FATHER FENECH: Sometimes
Christians themselves need to be Christianized
and to be trained in Christian values. However we believe that Christian
values are really human values. When we show dedication and gratuity in
service, care and love and appreciation of persons, conscientiousness and rectitude in
work, attention to the needs of the poor and so on, people are very sensitive to it,
irrespective of their religious affiliation. A practical testimony to this is
the number of times that people come to offer voluntary service because we received
freely. Other testimonies can be found in the way older patrons are
attached to the place, feel more free to be themselves with us, and feel it is
home for them, or when our youths speak and act with greater respect, using much less
crude language than their peers. Our people are not all saints, but mostly
you can tell the difference.
CATHOLICVIEW: Are you ever fearful that the other religious affiliations will be unhappy
with your presence involving their members?
FATHER FENECH: This
may happen sometimes, but ultimately, its the response that will tell us whether to
continue or not, and the response is generally positive.
People are after all free to go where they like.
Moreover, our Center does not propose an alternative way of worship, which would be
the case if we were a church.
Center is not a church, and the services and activities that we propose to everyone are
non-religious. In this environment there is absolutely no problem between
Christians and Moslems. Of course, the Moslems at the Center know quite well
who I am, and they all actually call me father and they are not embarrassed at
all. If I have to speak on Christian matters, then
almost certainly it will be to a Christian audience. As a policy, even in
teaching Catholic Doctrine, I will still point out any differences that might exist
between the churches, as a matter of respect and sincerity. However you must
not think that Christians in Egypt live in the Catacombs! I have many times
been surprised with the ease with which Christians can speak freely about Christian
religious matters even in front of non-Christians. Without trying to deny that
there may be certain difficulties, yet in everyday life, the good Egyptian people are
generally much more tolerant than what we may be led to believe.
one has to be impressed with all you do in showing God's love without causing religious
problems for other churches. How do you manage such a miracle?
FATHER FENECH: God
does all the miracles. Of course we try to be as respectful of others as
possible. The other denominations know very well who we are and what we say though
officially they have to further their own cause.
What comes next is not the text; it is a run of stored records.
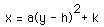 where the vertex of the parabola is (h,k) and the axis of symetry is
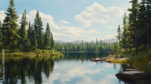 lake, forest, tree, water, nature, mountain, sky, cloud, green, blue, summer, peaceful, serene, calm, tranquil, scenic, beauty, landscape, relaxation, wilderness, park, wood, picturesque, evergreen, idylli, get-away, picnic, adventure
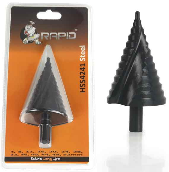 Vrták stupňovitý 4-52 mm do plechu RAPID, krok 2mm, špirálová drážka, MAR-POL
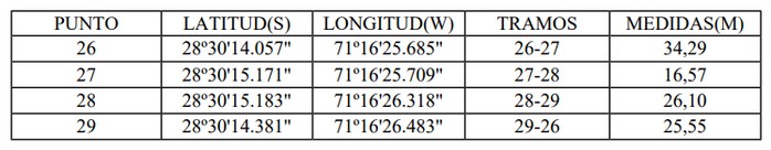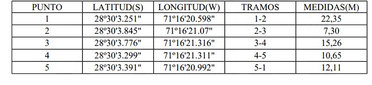 El sector 1 - Tramo 1 tiene una superficie de 219,63 m² y sus coordenadas geográficas, tramos y medidas son las siguientes:
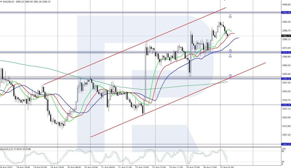 Gold (XAUUSD) rises to the 3,400 USD area XAUUSD prices continue to strengthen, climbing to the 3,400 USD area amid dollar weakness driven by US President Trump’s pressure on the Fed. Discover more in our analysis for 27 August 2025. XAUUSD technical analysis XAUUSD prices are on the rise after rebounding from the 3,300 USD area. The Alligator indicator has turned upwards, confirming potential continuation of the uptrend after a minor correction. Gold confidently rose to the 3,400 USD area amid ongoing dollar weakness. Read more - Gold Forecast Attention! Forecasts presented in this section only reflect the author’s private opinion and should not be considered as guidance for trading. RoboForex bears no responsibility for trading results based on trading recommendations described in these analytical reviews. Sincerely, The RoboForex Team -
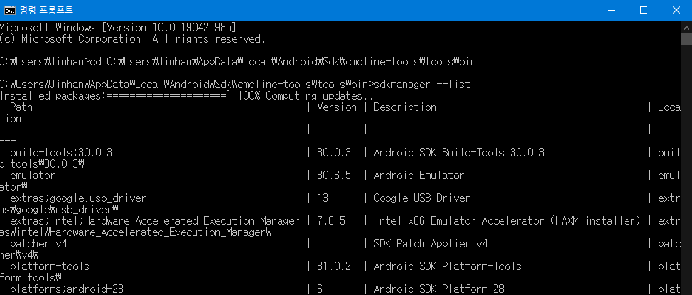sdkmanager는 아래와 같은 루트 bin 폴더에 위치하고 있어 cmd를 통해 해당위치까지 접근한다.
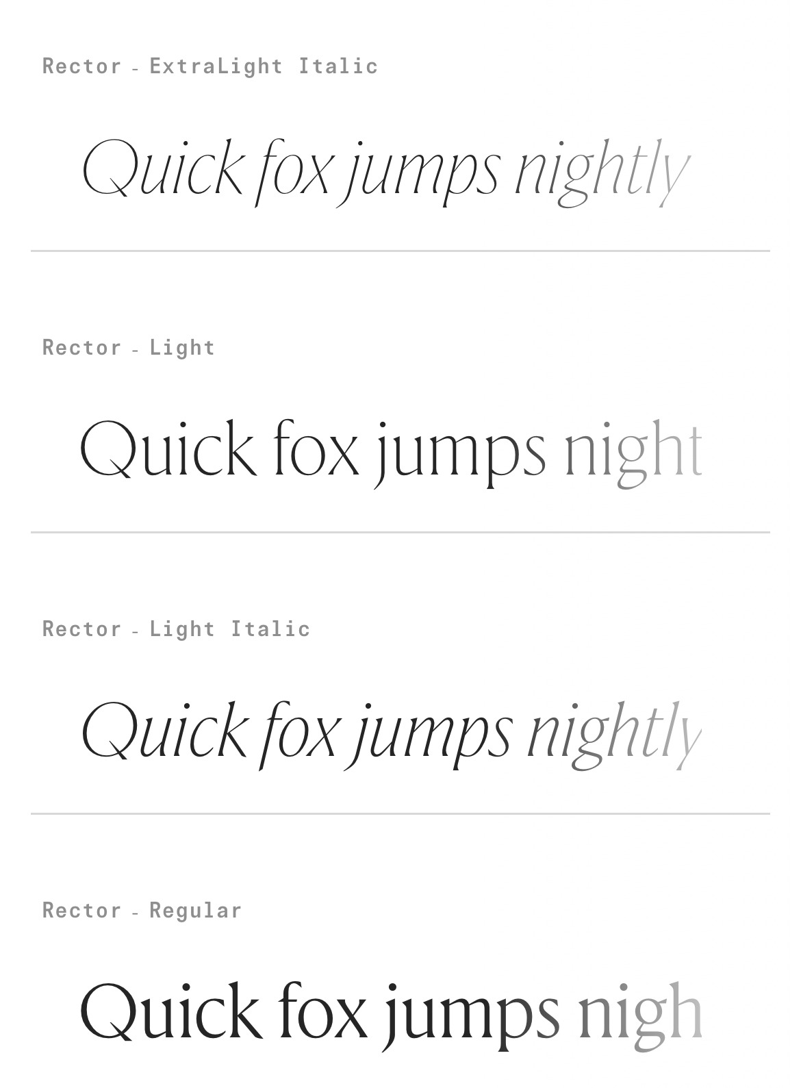 석각과 기념비에 새겨진 글자에서 영감을 받은 세리프 서체, Rector입니다. 획에 힘이 있으면서도 절제된 세리프 장식이 굉장히 매력적입니다. 다양한 두께뿐만 아니라 아웃라인 폰트와 같은, 세리프 서체 중에는 흔하지 않은 스타일도 서체 패밀리에 포함하고 있어 재미있는 디자인적 시도를 하기에도 좋은 서체입니다.

Anthony Fenech, I know God is well pleased with the Christian attitude you have presented
to the people of Egypt. You have exhibited, by your actions, the face of Christ.
To be able to show God's love to people in all walks of life is an example all of
us should emulate. What you are offering at the Center constitutes a 24 hour day of
showing the grace and love of God to people who would be bereft without the help and
understanding you offer so freely. Thank you very much for this special insight into
your life as a Jesuit priest in Egypt.